В квартире был полумрак. Горели лишь несколько светильников на стенах. Хозяин предложил пройти на кухню, где окна, как оказалось, были плотно завешены тканью. Наверняка снаружи свет не виден. Буторин сел боком к окну и ближе к выходу. Мужчина, как показалось, не заметил этого маневра. Он сразу подошел к плите и оттуда начал говорить, расставляя на подносе чайные чашки и блюдца с печеньем.

– Выпить я вам не предлагаю, – сказал он, – сам не пью, да и в подобной ситуации от алкоголя будет лишь вред. Все хорошо делать в свое время. Есть время пить алкоголь, а есть время пахать землю. Кстати, меня зовут Жаров Алексей Алексеевич. Да-да, не удивляйтесь, я русский по крови и по рождению. Родом из Ростова. А всю оставшуюся жизнь после вашей революции прожил в Париже. Я сын, как это у вас называется, белоэмигранта. Мой отец штаб-капитан царской армии. А вы?

– А я шофер, – коротко ответил Буторин. – Был шофером до войны и сейчас тоже.

– Ну, не надо так прибедняться, – улыбнулся Жаров. – Уважаемая профессия, техническая жилка. Я всегда считал технических людей, пусть и из простых, элитой рабочего класса. Как вас зовут? Назовитесь, пожалуйста.

– Буторин, Виктор. Родом из Москвы. Больше и рассказать нечего.

– Ну как же нечего, – добродушно улыбнулся Жаров, ставя на стол поднос с чашками. – Вы жили, трудились, любили и ненавидели. Много чего бывает в жизни у человека. Каждый из нас – это целый мир, не так ли? Впрочем, я, наверное, все усложняю. Не обессудьте, натура такая, романтического склада натура и никак не могу с ней бороться. А вы где в Москве жили?

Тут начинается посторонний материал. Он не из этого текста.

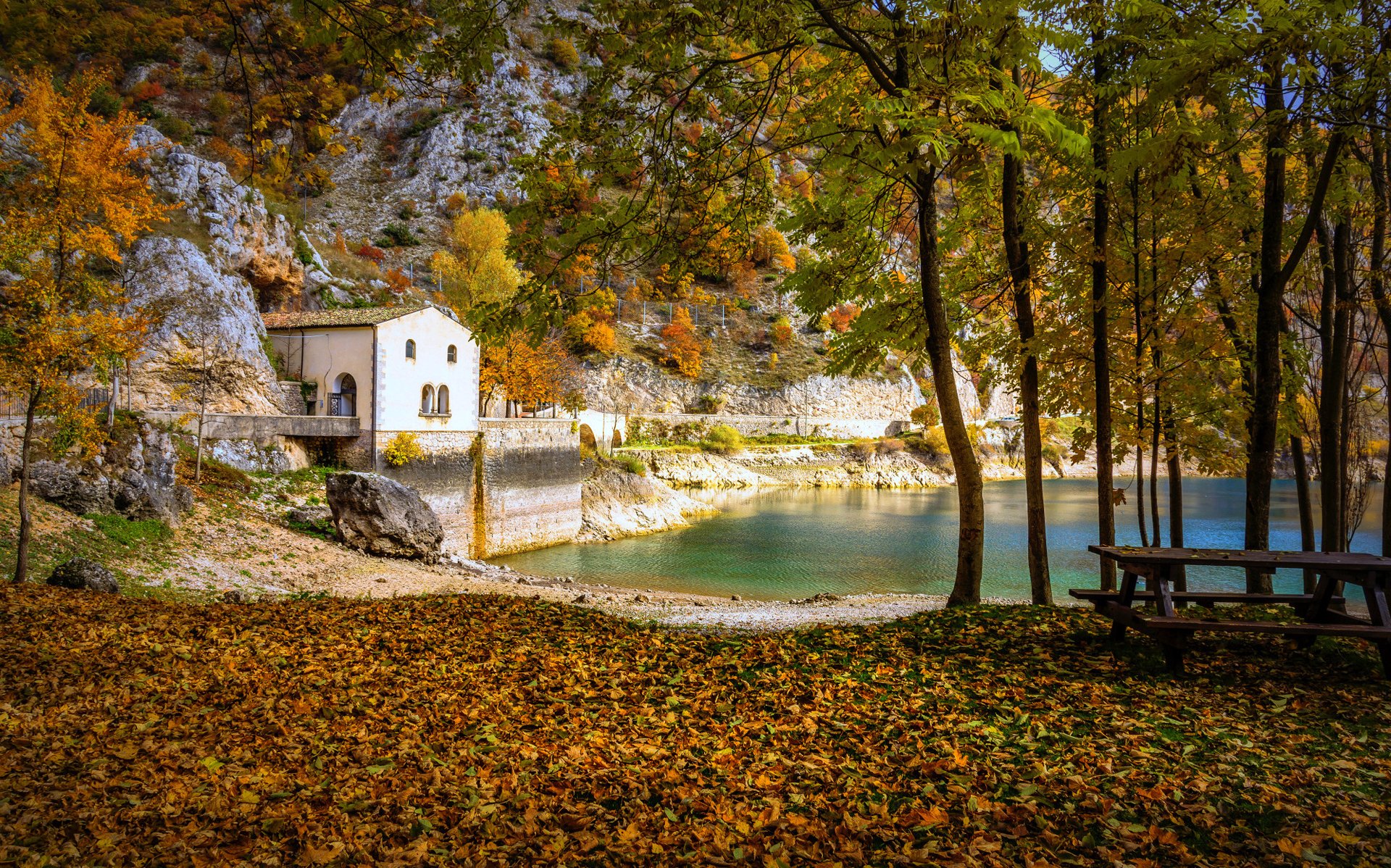 The coast of Lake Baikal. Wooden houses, trees, valley

И тут начался самый настоящий, плохо завуалированный под душевную беседу допрос. Где жил, где любил бывать, почему не женат, в кого влюблялся, где бывал, с кем дружил. И все это почти нескончаемым потоком, причем Буторин не успевал ответить на новый вопрос, как Жаров возвращался к старому, на который он уже отвечал или не смог ответить. Отдельно Жарова интересовало, о чем Буторин мечтал, к чему стремился, чего не добился, на кого обижен и за что.

Буторин отвечал неохотно, скупо, почти ворчливым голосом. Он старался не поддаваться на провокации и не ошибаться, повторяя ответы на вопросы, на которые уже отвечал до этого. И как-то неожиданно Жаров перешел к вопросам о службе Буторина в комендатуре. Где воевал, как попал в Бухарест, да еще в теплое местечко в комендатуре. А потом началось. Куда ездил, зачем ездил, какие грузы перевозятся, какое начальство бывает.

Буторин попытался прикинуться простачком, мол, о каких перевозках военных грузов может быть речь, когда в комендатуре грузовиков практически нет. А те, что есть, перевозят только личный состав. А он так вообще крутит баранку на легковушке. Чего с него спрашивать? И никак не мог Буторин избавиться от впечатления, что сегодняшний разговор лишь простое прощупывание, что главный разговор еще впереди.

– Вы, Виктор, не думайте, что мы можем вас обмануть. Я говорю мы, потому что за мной много людей, организация! А какая, вам лучше не знать. Ведь от вас что требуется. Помочь нам и получить деньги. А мы можем платить хорошо. И деньгами, и драгоценностями, которые у вас купят в любой точке мира. Да вообще любым способом, какой вам понравится. Если вы будете стараться помогать нам, я обещаю вам, могу поклясться на распятии, если для вас это убедительно, что мы перебросим вас за границу и обеспечим вам безбедное существование. Мы не забываем тех, кто нам помогает. Мы заботимся о них.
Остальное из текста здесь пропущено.